From the consumer’s point of view, advertising hasn’t evolved.

To Win Back The Audience, Digital Advertising Must Return To Innovation | AdExchanger
Photo by Kendall Ruth on Unsplash

From the consumer’s point of view, advertising hasn’t evolved.

Digital ads mimic print’s design as simply a space on a page. And video ads take the old TV approach of interrupting content.

The promise of rich media and creativity in the early aughts never materialized, as digital advertising embraced the big, programmatic factory belt that suffocated creative flow.

From 2008 onwards, the industry prioritized reach vs. quality and dumbed down ad format specs in order to guarantee the widest adoption. Ad impressions sold by the truckload at decreasing costs, which increased available ad slots, further degrading the user experience.

While the industry, engaged today in a series of crucial decisions around identity and addressability, believes it’s reinventing advertising, we are not truly innovating. Setting aside issues around privacy, we are not addressing the most fundamental topic: the lack of user engagement.

Instead, we stubbornly obsess with reaching users at scale and measuring their interactions, while largely ignoring the fact that those very users have long turned their back to digital advertising and consider it mostly a nuisance, and even a threat.

So how do we rebuild the channel to win the audience’s attention back?

According to 2020 Blockthrough’s PageFair Adblock Report, 527 million people blocked ads by default in their mobile browsers by the end of 2019, a 64% increase from the last edition of the report in December 2016.

And when audiences don’t reject digital ads, they are blind to them.

Finding ways to re-engage consumers with digital ads, however, requires a new way of thinking about people. The industry often limits itself with its allegiance to automation and optimization and requires an approach that’s more humanistic.

The business consultants Gary Hamel and Nancy Tennant described, in the Harvard Business Review, how innovation can stagnate in any industry: “Executives read the same trade magazines, go to the same conferences, and talk to the same consultants. After a while, they all think alike. Innovators, by contrast, are contrarians. In their quest to upend industry rules, they learn how to distinguish ‘immutable laws’ from ‘ingrained beliefs.’”

The digital ad industry’s narrow mental tunnels are at the root of its failure to truly innovate — and why it instead focuses on tweaking the existing systems that clearly aren’t working.

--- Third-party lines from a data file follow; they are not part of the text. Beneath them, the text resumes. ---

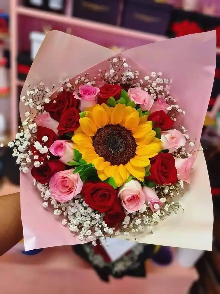 Bouquet de 20 rosas rosadas y rojas con1 girasol y gypsophila Nota: La flor puede ser sustituida dependiendo la disponibilidad de color y del producto “Mensaje Personalizado” máximo de 30 caracteres (Dejar el mensaje en el chat, los comentarios no se previsualizan para la tienda por lo que si se dejan allí no podrá ser incluido).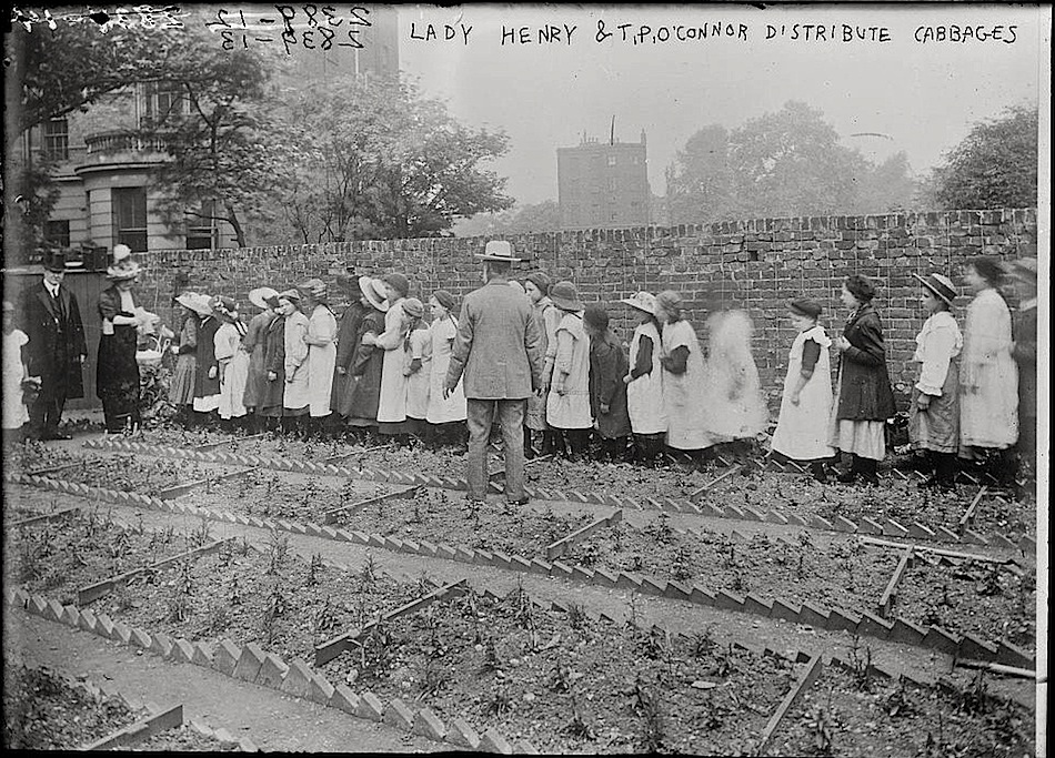 Lady Henry Somerset and T.P. O’Connor in a garden distributing cabbages to children, between ca. 1910 and ca. 1915, Bain News Service, via Library of Congress, Prints and Photographs Division.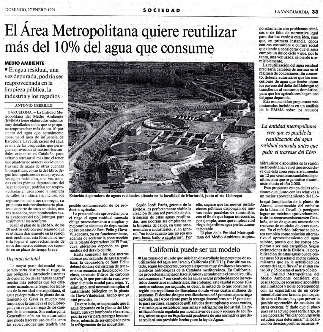 El domingo 27 de enero de 1991, el diario La Vanguardia incluyó en su sección de Sociedad una noticia cuyo titular «El Área Metropolitana quiere reutilizar más del 10 % del agua que consume» reflejaba el interés del momento por explorar la posiblidad de que «El agua residual, una vez depurada, podría ser reaprovechada en la limpiza púbica, la industria y los regadíos» y resaltaba el interés de que «La entidad metropolitana cree que es posible la reutilización del agua residual saneada antes que pedir el trasvase del Ebro«.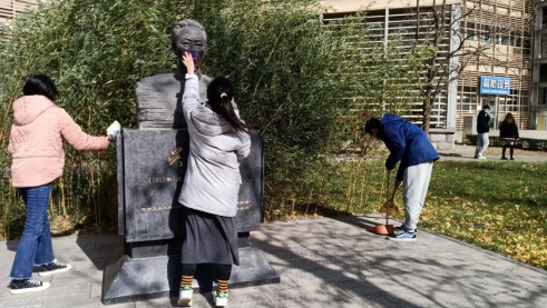 20211121日中午,学生第四党支部组织党员前往图书馆一侧擦拭吴运铎先生雕像,并向雕像致敬。

Innovation in advertising is also hindered by the self-preservation of certain parts of the industry at corporate and individual levels, mainly in ad tech but also across the board, with a “don’t ask, don’t tell” attitude that allows bad or nonsensical practices to flourish … until explicitly called out by the entire industry.

These inside forces within the digital advertising industry are mainly focused on cosmetic changes to perpetuate a business model that rewards aggregators and middlemen, while penalizing media owners and hurting their relationship with audiences.

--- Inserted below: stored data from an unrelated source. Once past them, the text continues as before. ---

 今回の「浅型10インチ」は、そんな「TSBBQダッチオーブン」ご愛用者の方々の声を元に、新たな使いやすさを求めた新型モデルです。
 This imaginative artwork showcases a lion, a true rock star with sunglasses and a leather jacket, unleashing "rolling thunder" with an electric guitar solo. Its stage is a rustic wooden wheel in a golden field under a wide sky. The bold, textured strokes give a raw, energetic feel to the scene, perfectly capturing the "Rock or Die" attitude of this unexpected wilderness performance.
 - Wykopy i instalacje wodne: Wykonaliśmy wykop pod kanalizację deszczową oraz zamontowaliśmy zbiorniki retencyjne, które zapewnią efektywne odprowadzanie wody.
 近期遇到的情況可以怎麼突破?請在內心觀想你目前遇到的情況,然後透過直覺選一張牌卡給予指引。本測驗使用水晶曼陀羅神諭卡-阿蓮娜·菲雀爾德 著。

In “The Innovator’s Dilemma,” Clayton M. Christensen discusses how for established companies, “investing aggressively in disruptive technologies is not a rational financial decision for them to make” because “small markets cannot satisfy the near-term growth requirements of big organizations.”

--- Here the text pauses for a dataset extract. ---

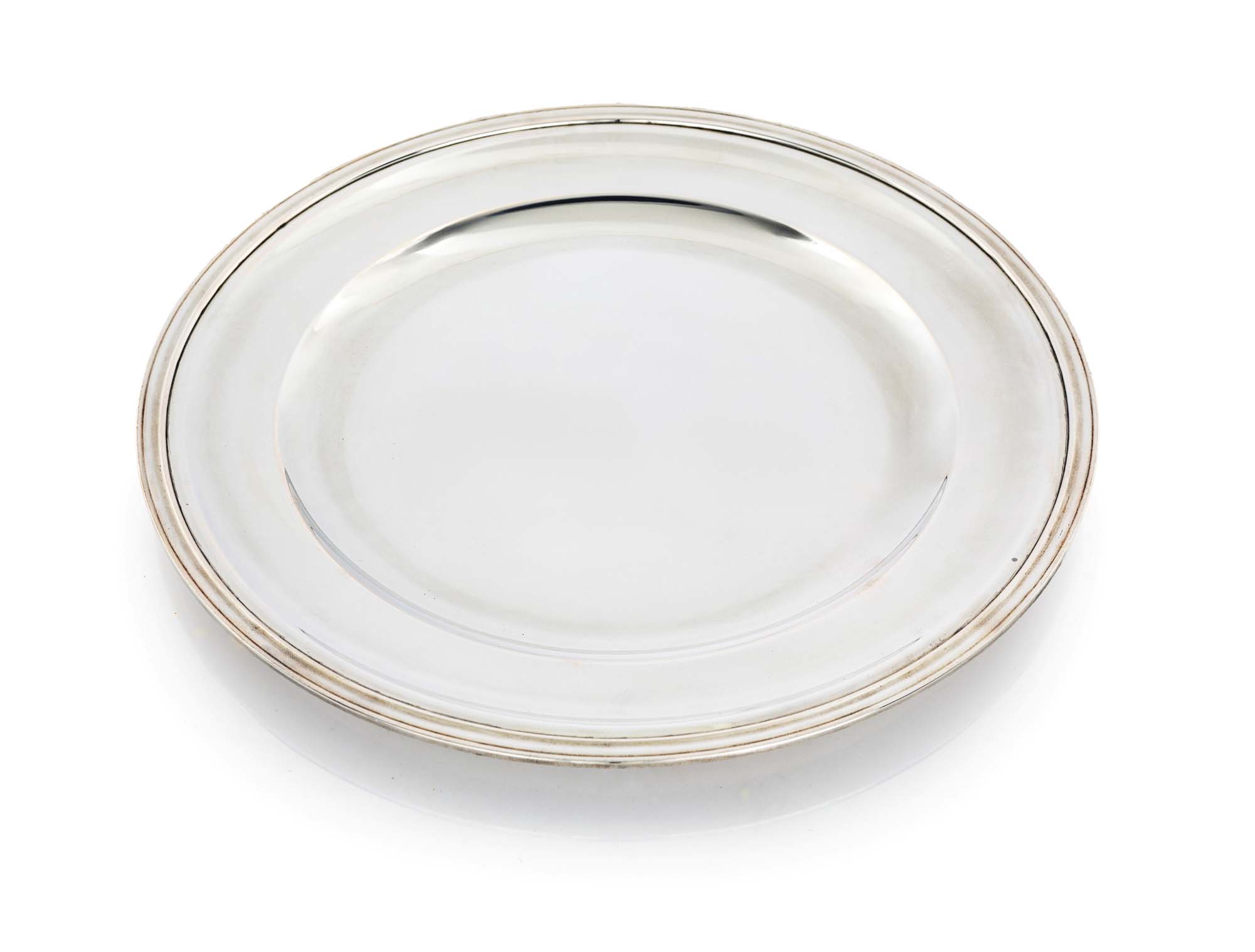 Piatto circolare in argento 800/000 orlo modanato diametro cm 27,8 - gr. 426

In refusing to invest, these executives lose the opportunity to embrace the change that will let them become, or remain, leaders.

Innovating in a way that could potentially cannibalize one’s existing business requires strong beliefs.

Amazon’s former director of business development Dan Rose once described in a Twitter thread Jeff Bezos’ innovation principles which gave life to the Kindle.

At a time when “books alone generated more than 50% of Amazon’s cash flow,” Bezos reshuffled his organization and set it on a mission to “destroy its own old business” and develop something new that changed the publishing industry forever.

Likewise, innovation that disrupts the current digital advertising business model will put out of business a huge number of ad tech companies, the entities pulling the strings behind the scenes.

Yet, while the media owners — the victims of today’s advertising business models — would most benefit from disruption, they perversely cannot give up the current short-term revenue cycles keeping them afloat. If they ever stop running on the revenue treadmill, they’ll disappear.

But these potential outcomes are not a good excuse to let a group of middlemen hold an industry hostage.

Innovation in digital advertising should be led by the entity that creates and manages the environment, understands the relationship between its audiences and media and can design a new way to connect consumers to advertisers’ products and services.

More than anything, digital advertising needs a new generation of leaders and innovators.

The next 10 years of digital advertising are being decided right now, by browser engineers, the W3C and the IAB.

And media owners are almost completely absent from the debate.